Trust The Focus
Author: Megan Erickson
Series: In Focus #1
Pages: ebook, 222 pages
Genre: New Adult
Release Date: March 17th 2015
With his college graduation gown expertly pitched into the trash, Justin Akron is ready for the road trip he planned with his best friend Landry— and ready for one last summer of escape from his mother’s controlling grip. Climbing into the Winnebago his father left him, they set out across America in search of the sites his father had captured through the lens of his Nikon.
As an aspiring photographer, Justin can think of no better way to honor his father’s memory than to scatter his ashes at the sites he held sacred. And there’s no one Justin would rather share the experience with more than Landry.
But Justin knows he can’t escape forever. Eventually he’ll have to return home and join his mother’s Senate campaign. Nor can he escape the truth of who he is, and the fact that he’s in love with his out-and-proud travel companion.
Admitting what he wants could hurt his mother’s conservative political career. But with every click of his shutter and every sprinkle of ash, Justin can’t resist Landry’s pull. And when the truth comes into focus, neither is prepared for the secrets the other is hiding.
First up I think I should mention that I haven't read many M/M romances.
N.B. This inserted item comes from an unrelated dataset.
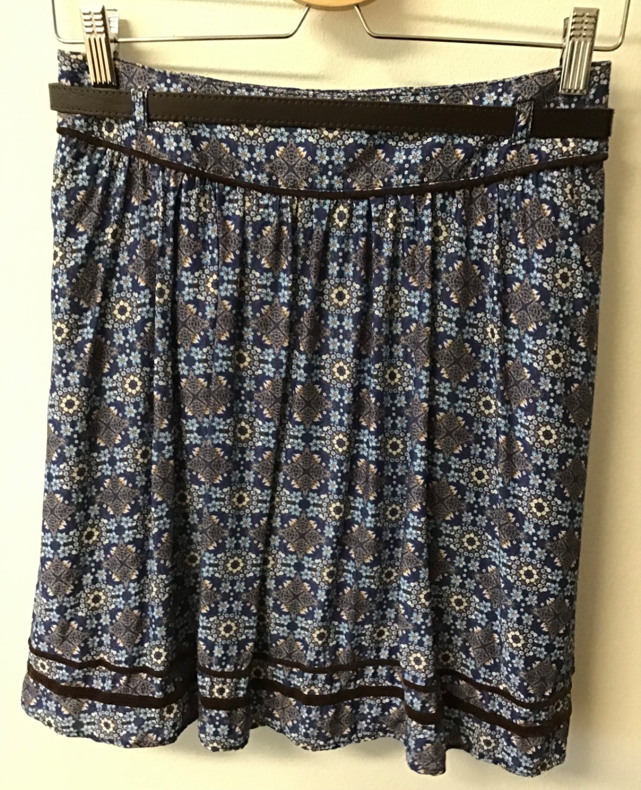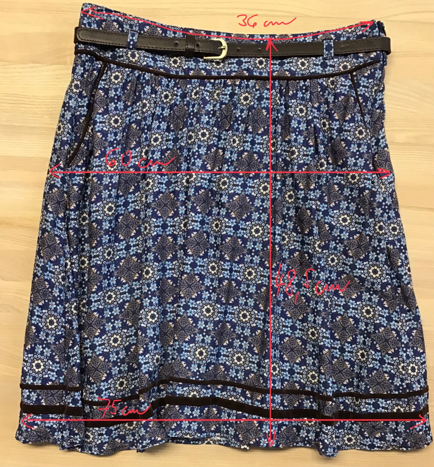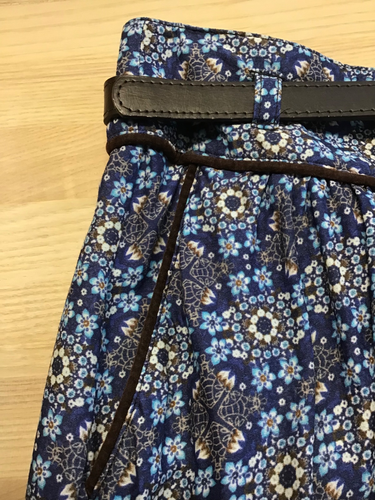 Predám rozkošnú málo nosenú riasenú sukňu s hnedými opaskom. Okrem zaujímavej modrej kvetovanej látky má aj zaujímavé zamatové aplikácie pri opasku, na spodnom okraji a okolo vreciek a podšívku. Suknička má veľkosť 34 a je značky Camaieu.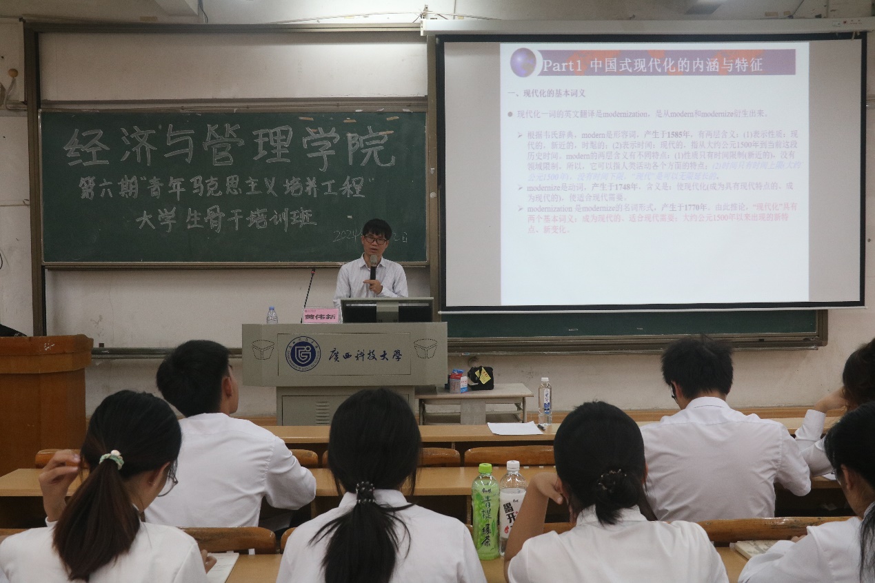 11月12日下午,经济与管理学院在文昌校区第四教学楼4C101教室举办第六期“青马工程”大学生骨干培训班。学院高级经济师、学校明灯讲师团成员黄伟新博士以《中国式现代化背景下青年的使命与担当》为题,向学院132名主要学生干部进行授课。他号召同学们深入了解和学习中国式现代化的内涵与特征以及面临的挑战,深刻理解当代青年在新时代需要承担的时代使命,争做明大德、立大志、成大才的栋梁之才。

I think this might be my third or fourth?
So there isn't much I can compare this to, at least when it comes to the smut part... But one the other hand - it's a cute and fluffy - and romance is romance, not matter who is involved right?
I also think I should just say up front that I don't think I'm ever going to be a huge M/M reader. It's just not really my kinda thing- well at least when it comes to the smut. But as I said, the cute & fluffy is not so much about the smut for me. And so I am sure I will be dabbling it M/M romances from time to time, especially if they are written like this one.
I like Erickson 's writing style which is why I immediately knew I wanted to read Trust the Focus. She writes beautifully, this novel made no exception. In fact while I do have some issues with this one, I think each book of Erickson makes me wanna read her next one. She is definitely an author on my to read list- and Trust the Focus established that fact even more.
The character building was done really well when it comes to the two MCs. I felt a bit iffy about the parents. They were way to black and white in my opinion, even if Erickson tried obviously to diffuse that, they were either too perfect or to pushy, to cliche really.
This being told from Justin's POV - it is his story really. And while I wanted to smack him over his stupid head at times, I also really adore him. The connection between Justin and Landry is written superbly, it's tangible. I adore their banter, got their issues and fears. In fact I felt like I've been on that road trip with them. Really a cute couple!
As I said, I am not a great lover of M/M smut and this didn't change my mind on it either. But this isn't really about the smut. It's a book about love and finding oneself. And that has nothing to do with gender.
The plot is a cute & fluffy even with it's couple of twists- most of them totally predictable- and the ending one hopes for and craves.
I honestly was having high hopes for the traveling bits- and frankly I felt a bit let down by them. Somehow Erickson didn't get that right for me. I can't explain why. She just didn't. I have travelled extensively and I travelled with my loverboy for several years.. so I admit that I might be a tough costumer to be please. It is something really dear to me, so possibly I am too much of a fusspot about it? All I can say is, I didn't find myself transported to the places they visited- It rather felt like something was ticked off an itinerary than it being an experience, which in fact traveling like that is, a life changing one.
My other complaint? The photography bit... I am a photographer.... I could simply not relate to the description Erickson gave. To be honest, I think it is unfortunate- Me, having so much in common with Justin. And this could only go two ways, I would totally adore the photo and travel bits- or I wouldn't. Sadly it was the latter for me. It was just not for me. I felt like those two aspects lacked something. BUT again, these are two of the most important things that shaped my adult life- so I am beyond tough to please.
About half way in, I was not so sure what to think of this in fact. I was a bit disappointed with the photo and travel bits- the smut is not really my cup of tea. And then Erickson somehow took out all stops and made me forget about it. I just cared about Justin, about his love for his father, his friend and his fears. All the above queries were suddenly of no consequence, because I remember looking for my path in my early twenties. Having just graduated - I was not quite sure where I wanted to go in life... And isn't that where most of us are at in that moment? Erickson nailed that aspect, to the tee. I got Justin, his fears and his longing- even if they were so different than mine. I adore how much Justin's love of his father comes through, his discovery of a man he loved and cared so much for. I always felt like I only understood who my parents were, after I was on the road, far far away from them. So yes, this hit a note in me. And I think this is what makes this a really beautiful read.
Trust the Focus is a cute & fluffy alright- but it also is inspirational and a reminder that when you find love hang on to it!
A must read for lovers of the genre- and for those who like me dabble in it - But mostly a must read for all people, who want to read something fun, enjoyable and moving.